▸ **Exercise prompt**:
In your copy, include every line of the listing below exactly but none of the pictures.

** Available data follows **

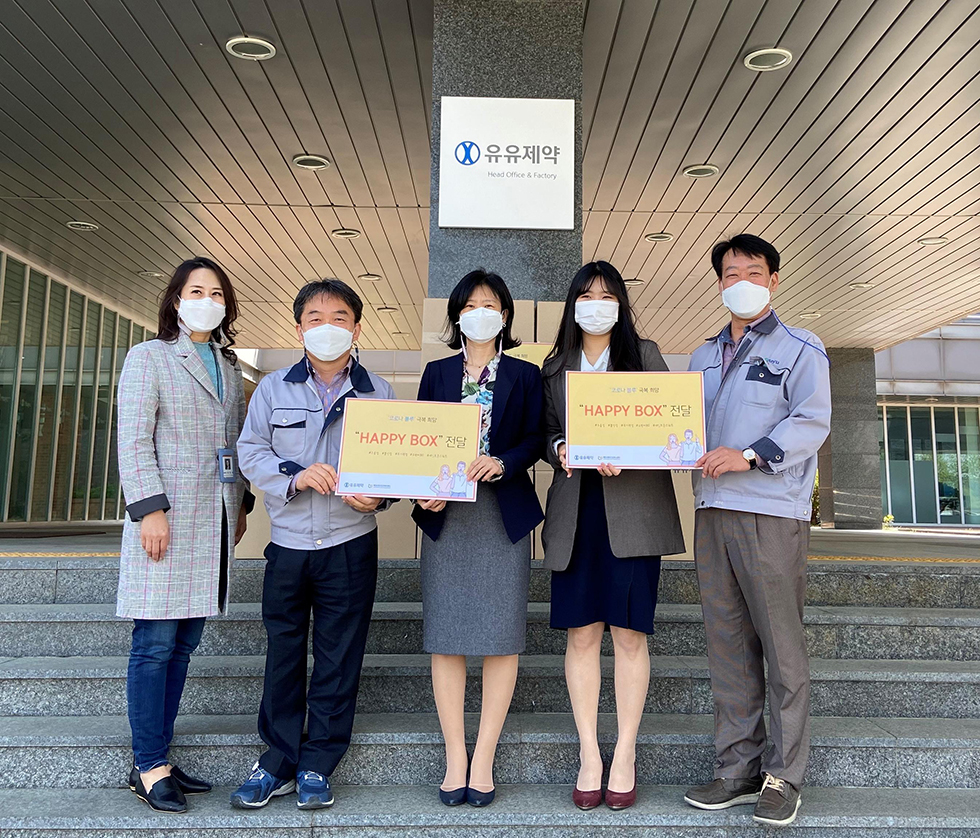 유유제약이 준비한 해피박스는 불안과 우울감 해소에 도움을 주는 세인트존스워트 꽃차와 제한된 야외활동으로 부족해질 수 있는 비타민 보충을 도와주는 유판씨, KF94 마스크로 구성되었으며 서울 중구, 경기 안산, 충북 제천 정신건강복지센터에 전달되었다.
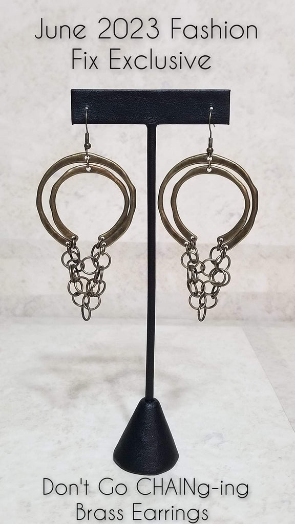 Two hammered, oblong, brass hoops in varying sizes layer on top of one another for some whimsical movement. Cutting each hoop into half-circle frames, gritty brass hoops interlock and layer together to form a chained collection that boldly drapes down the ear for an industrial statement. Features a fishhook setting.
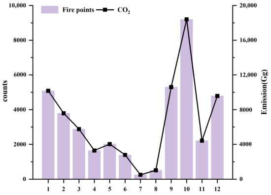 To better understand the spatial-temporal variation patterns of emissions from crop residue open burning, this paper analyzed the monthly CO2 emissions and the number of fire point as illustrative examples (Figure 6). As seen in Figure 6, the monthly number of fire points and CO2 emissions had obvious seasonal variations. More agricultural fires mainly occurred in September and October, with a number of 14,502, accounting for 37.14% of the total number of fire points. The number of fire points peaked in October, with a number of 9202, accounting for 23.56%. In addition, there were some scattered small peaks of fire in other months.
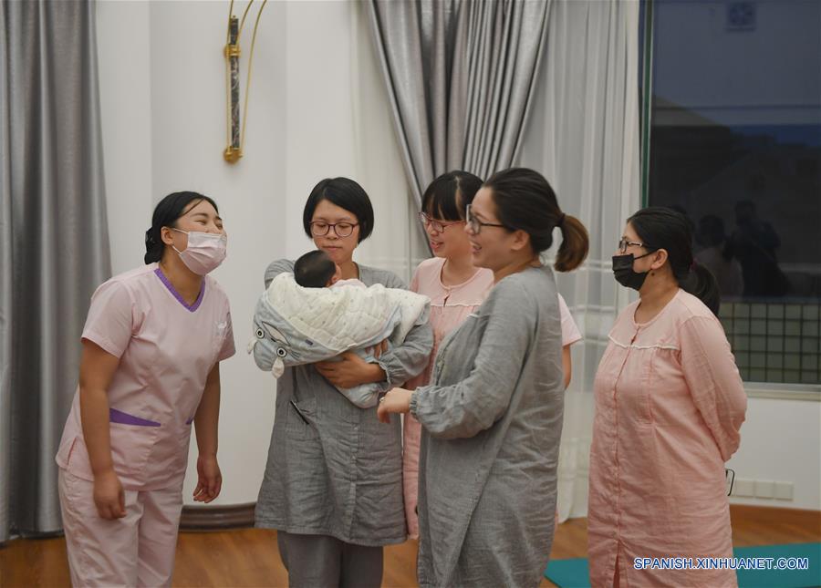 FUJIAN, noviembre 22, 2018 (Xinhua) -- Imagen del 21 de noviembre de 2018 de empleadas y nuevas madres conversando, en un centro de atención de maternidad, en la ciudad de Shishi, provincia de Fujian, en el sureste de China. Es una tendencia que las nuevas madres reserven espacio en un centro de atención de maternidad para pasar su tradicional "sentarse el mes" en Shishi. "Zuo yuezi" (sentarse el mes) es un ritual posparto observado por la mayoría de las mujeres chinas. Para ayudar a las nuevas madres a recuperarse y asegurar su salud en el futuro, ellas deben pasar hasta un mes adentro con sus recién nacidos después de dar a luz, y siguen una serie de reglas que van desde la prohibición de lavarse el cabello hasta no comer alimentos fríos y sin aire acondicionado. Las nuevas madres creen que pueden obtener atención y orientación profesional en el centro de cuidados de maternidad para tener un "sentarse el mes" más cómodo. (Xinhua/Song Weiwei)
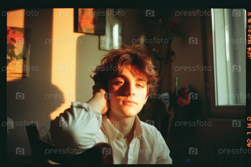 Портрет белого мальчика-подростка, сидящего в помещении и смотрящего на камеру
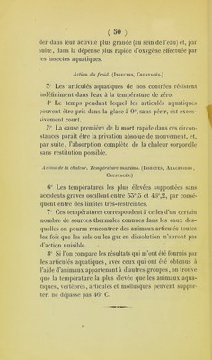Recherches physio-chimiques sur les articulés aquatiques. Deuxième partie. Résistance à l'asphyxie par submersion, action du froid, action de la chaleur, température maxima / par Félix Plateau.
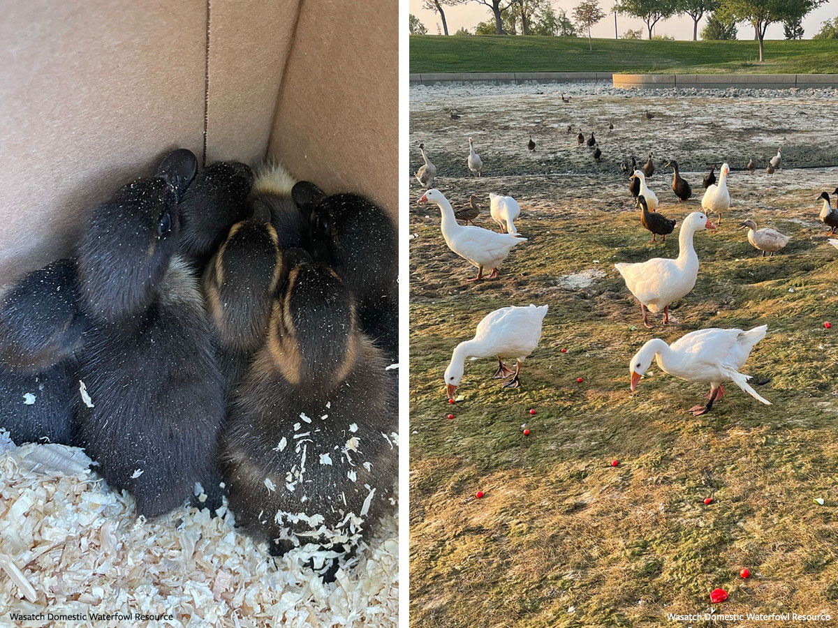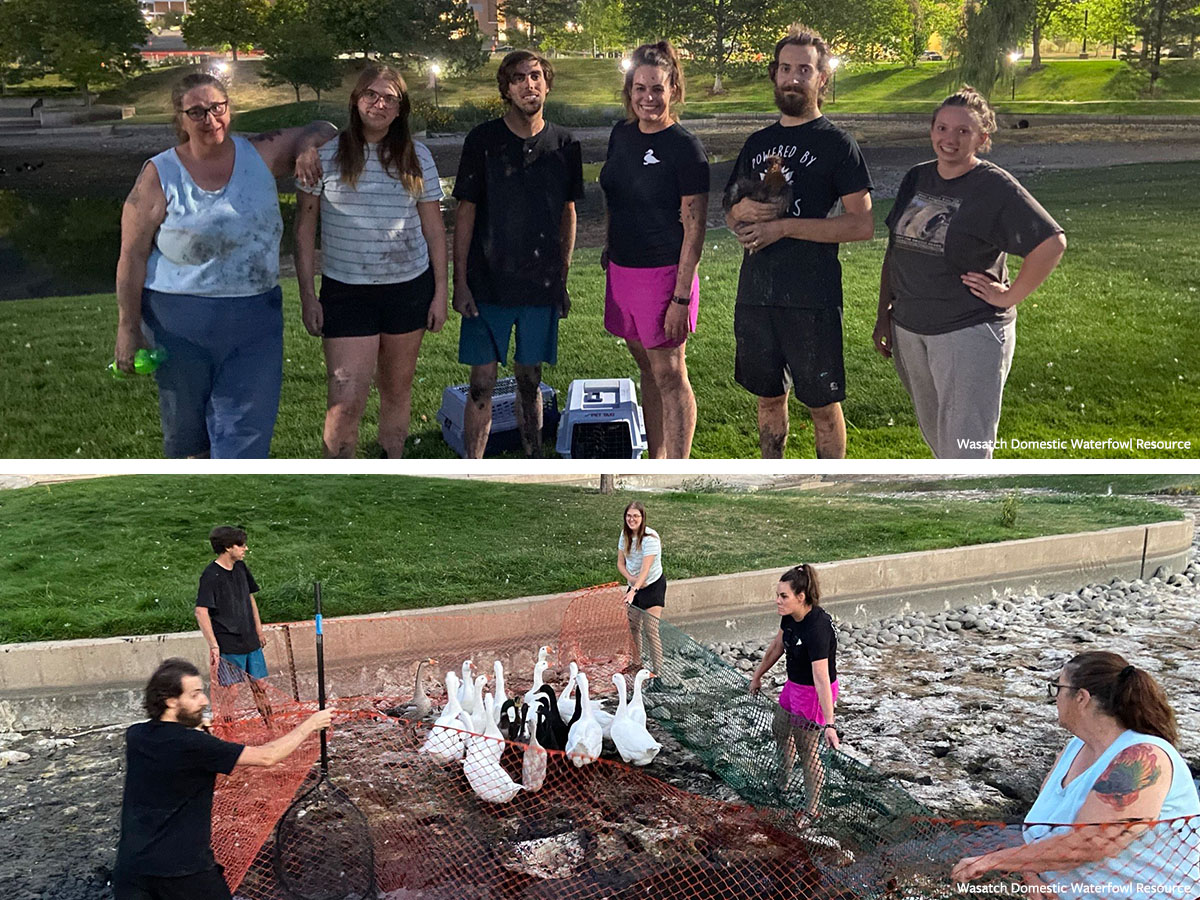 WSU joined forces with Wasatch Domestic Waterfowl Resource (WDWR) to safely gather 30 ducks and 34 geese while the campus’ Ada Lindquist Plaza pond was drained for maintenance. After 12 hours of combined effort, the ducks and geese were safely collected and all were adopted out to happy homes by WDWR.

** End of Available data **

▸ **Answer to this exercise**:
 유유제약이 준비한 해피박스는 불안과 우울감 해소에 도움을 주는 세인트존스워트 꽃차와 제한된 야외활동으로 부족해질 수 있는 비타민 보충을 도와주는 유판씨, KF94 마스크로 구성되었으며 서울 중구, 경기 안산, 충북 제천 정신건강복지센터에 전달되었다.
 Two hammered, oblong, brass hoops in varying sizes layer on top of one another for some whimsical movement. Cutting each hoop into half-circle frames, gritty brass hoops interlock and layer together to form a chained collection that boldly drapes down the ear for an industrial statement. Features a fishhook setting.
 To better understand the spatial-temporal variation patterns of emissions from crop residue open burning, this paper analyzed the monthly CO2 emissions and the number of fire point as illustrative examples (Figure 6). As seen in Figure 6, the monthly number of fire points and CO2 emissions had obvious seasonal variations. More agricultural fires mainly occurred in September and October, with a number of 14,502, accounting for 37.14% of the total number of fire points. The number of fire points peaked in October, with a number of 9202, accounting for 23.56%. In addition, there were some scattered small peaks of fire in other months.
 FUJIAN, noviembre 22, 2018 (Xinhua) -- Imagen del 21 de noviembre de 2018 de empleadas y nuevas madres conversando, en un centro de atención de maternidad, en la ciudad de Shishi, provincia de Fujian, en el sureste de China. Es una tendencia que las nuevas madres reserven espacio en un centro de atención de maternidad para pasar su tradicional "sentarse el mes" en Shishi. "Zuo yuezi" (sentarse el mes) es un ritual posparto observado por la mayoría de las mujeres chinas. Para ayudar a las nuevas madres a recuperarse y asegurar su salud en el futuro, ellas deben pasar hasta un mes adentro con sus recién nacidos después de dar a luz, y siguen una serie de reglas que van desde la prohibición de lavarse el cabello hasta no comer alimentos fríos y sin aire acondicionado. Las nuevas madres creen que pueden obtener atención y orientación profesional en el centro de cuidados de maternidad para tener un "sentarse el mes" más cómodo. (Xinhua/Song Weiwei)
 Портрет белого мальчика-подростка, сидящего в помещении и смотрящего на камеру
Recherches physio-chimiques sur les articulés aquatiques. Deuxième partie. Résistance à l'asphyxie par submersion, action du froid, action de la chaleur, température maxima / par Félix Plateau.
 WSU joined forces with Wasatch Domestic Waterfowl Resource (WDWR) to safely gather 30 ducks and 34 geese while the campus’ Ada Lindquist Plaza pond was drained for maintenance. After 12 hours of combined effort, the ducks and geese were safely collected and all were adopted out to happy homes by WDWR.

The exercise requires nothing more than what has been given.